> **Exercise**: Give the records again word for word. Leave every picture out.

> **Data items**:
=== Begin Enclosure ===

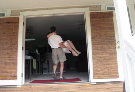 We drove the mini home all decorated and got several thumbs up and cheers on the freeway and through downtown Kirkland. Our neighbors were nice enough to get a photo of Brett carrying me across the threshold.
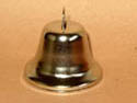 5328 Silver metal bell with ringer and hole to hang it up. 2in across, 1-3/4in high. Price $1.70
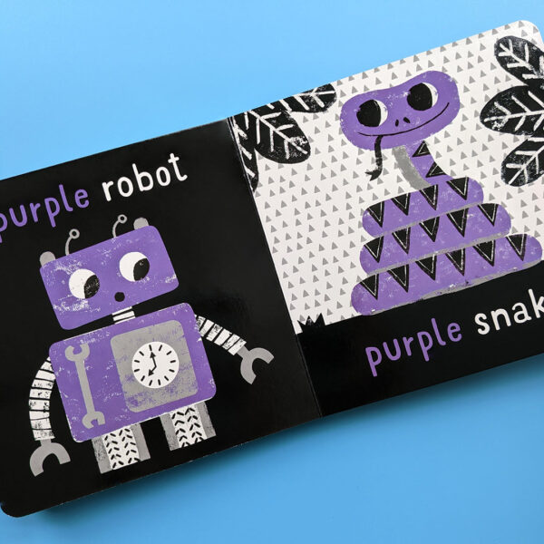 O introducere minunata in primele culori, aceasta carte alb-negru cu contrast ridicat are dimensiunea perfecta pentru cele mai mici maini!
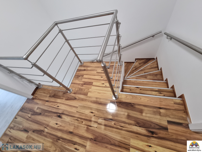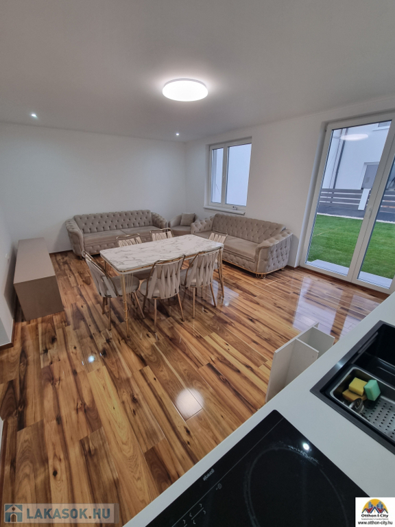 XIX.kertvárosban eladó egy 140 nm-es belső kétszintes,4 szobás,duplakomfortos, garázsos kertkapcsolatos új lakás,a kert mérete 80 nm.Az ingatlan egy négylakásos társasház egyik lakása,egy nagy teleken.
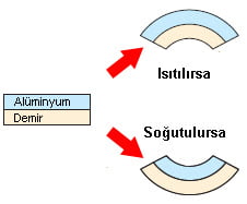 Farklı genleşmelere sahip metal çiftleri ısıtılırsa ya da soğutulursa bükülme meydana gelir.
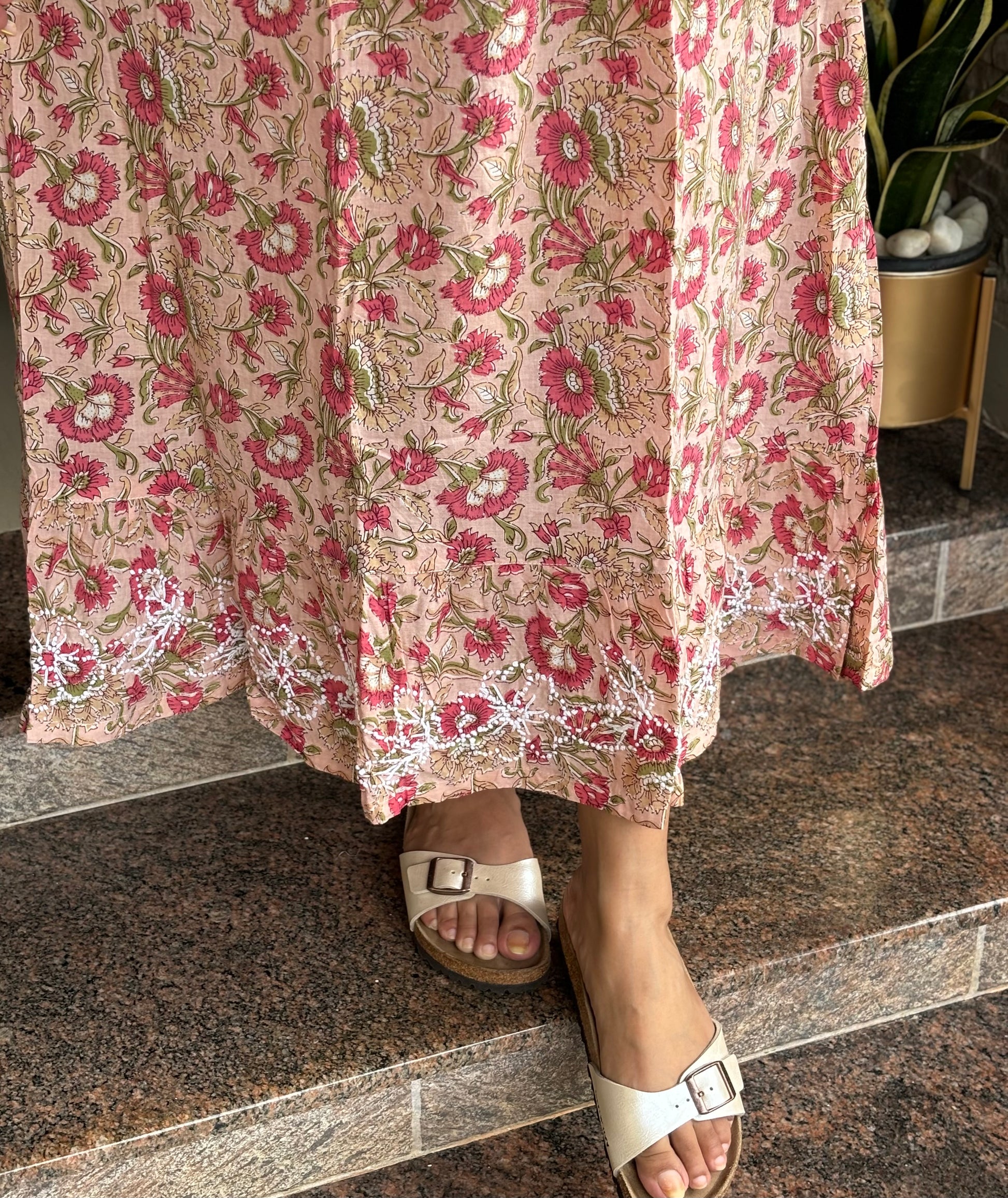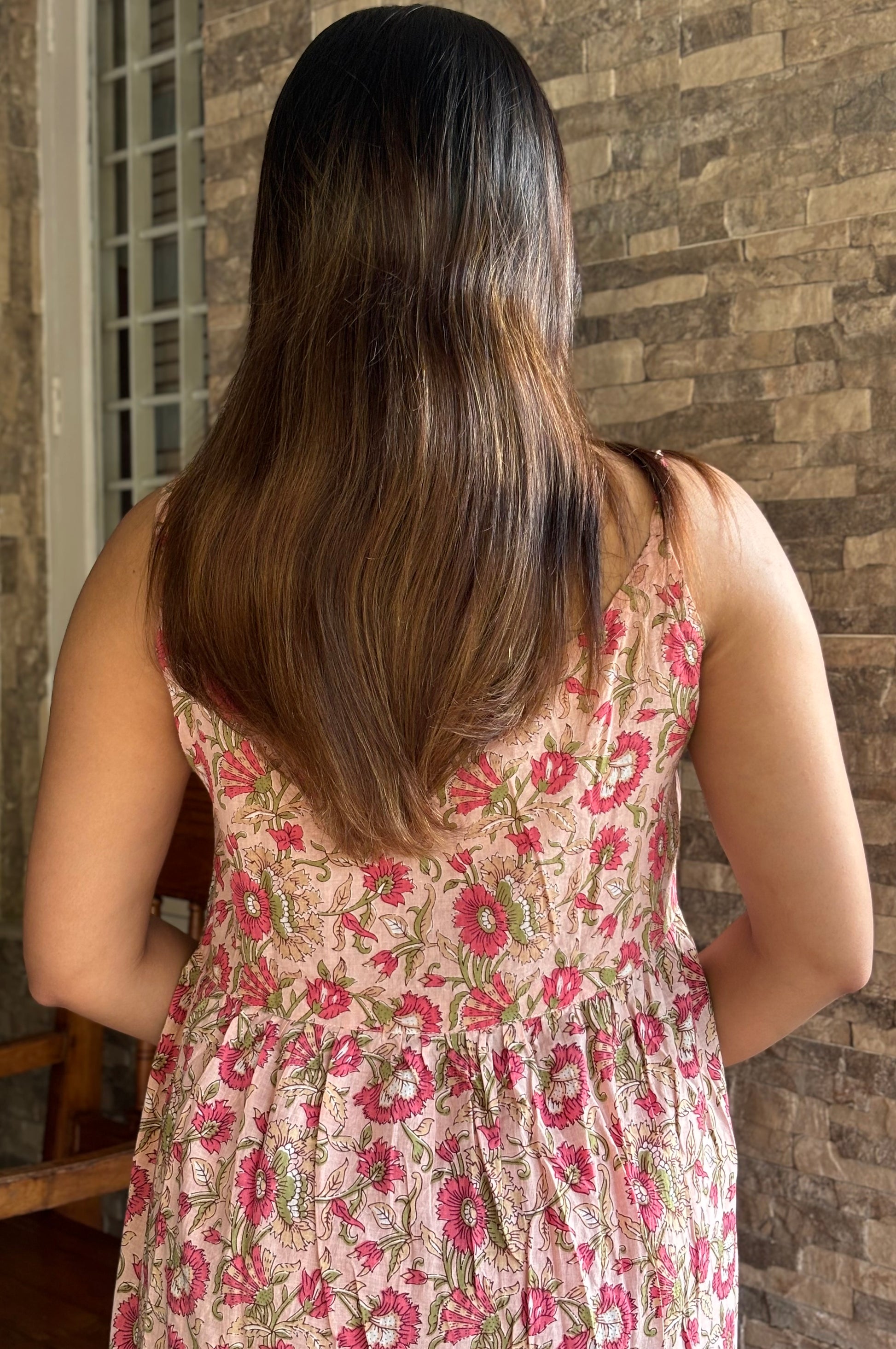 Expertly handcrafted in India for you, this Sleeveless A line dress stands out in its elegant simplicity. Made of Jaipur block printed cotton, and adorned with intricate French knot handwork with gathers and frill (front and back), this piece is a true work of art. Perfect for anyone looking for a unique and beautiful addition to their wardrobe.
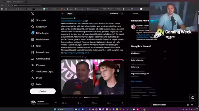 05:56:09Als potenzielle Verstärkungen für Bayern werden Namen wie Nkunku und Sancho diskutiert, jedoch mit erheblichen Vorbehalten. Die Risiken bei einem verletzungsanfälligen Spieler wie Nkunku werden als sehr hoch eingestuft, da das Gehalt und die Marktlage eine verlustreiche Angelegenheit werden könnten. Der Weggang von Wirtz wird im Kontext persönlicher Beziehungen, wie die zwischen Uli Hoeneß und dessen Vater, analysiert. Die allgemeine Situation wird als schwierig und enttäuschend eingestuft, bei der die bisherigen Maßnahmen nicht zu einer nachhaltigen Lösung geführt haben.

=== End Enclosure ===

> **Answer box**:
 We drove the mini home all decorated and got several thumbs up and cheers on the freeway and through downtown Kirkland. Our neighbors were nice enough to get a photo of Brett carrying me across the threshold.
 5328 Silver metal bell with ringer and hole to hang it up. 2in across, 1-3/4in high. Price $1.70
 O introducere minunata in primele culori, aceasta carte alb-negru cu contrast ridicat are dimensiunea perfecta pentru cele mai mici maini!
 XIX.kertvárosban eladó egy 140 nm-es belső kétszintes,4 szobás,duplakomfortos, garázsos kertkapcsolatos új lakás,a kert mérete 80 nm.Az ingatlan egy négylakásos társasház egyik lakása,egy nagy teleken.
 Farklı genleşmelere sahip metal çiftleri ısıtılırsa ya da soğutulursa bükülme meydana gelir.
 Expertly handcrafted in India for you, this Sleeveless A line dress stands out in its elegant simplicity. Made of Jaipur block printed cotton, and adorned with intricate French knot handwork with gathers and frill (front and back), this piece is a true work of art. Perfect for anyone looking for a unique and beautiful addition to their wardrobe.
 05:56:09Als potenzielle Verstärkungen für Bayern werden Namen wie Nkunku und Sancho diskutiert, jedoch mit erheblichen Vorbehalten. Die Risiken bei einem verletzungsanfälligen Spieler wie Nkunku werden als sehr hoch eingestuft, da das Gehalt und die Marktlage eine verlustreiche Angelegenheit werden könnten. Der Weggang von Wirtz wird im Kontext persönlicher Beziehungen, wie die zwischen Uli Hoeneß und dessen Vater, analysiert. Die allgemeine Situation wird als schwierig und enttäuschend eingestuft, bei der die bisherigen Maßnahmen nicht zu einer nachhaltigen Lösung geführt haben.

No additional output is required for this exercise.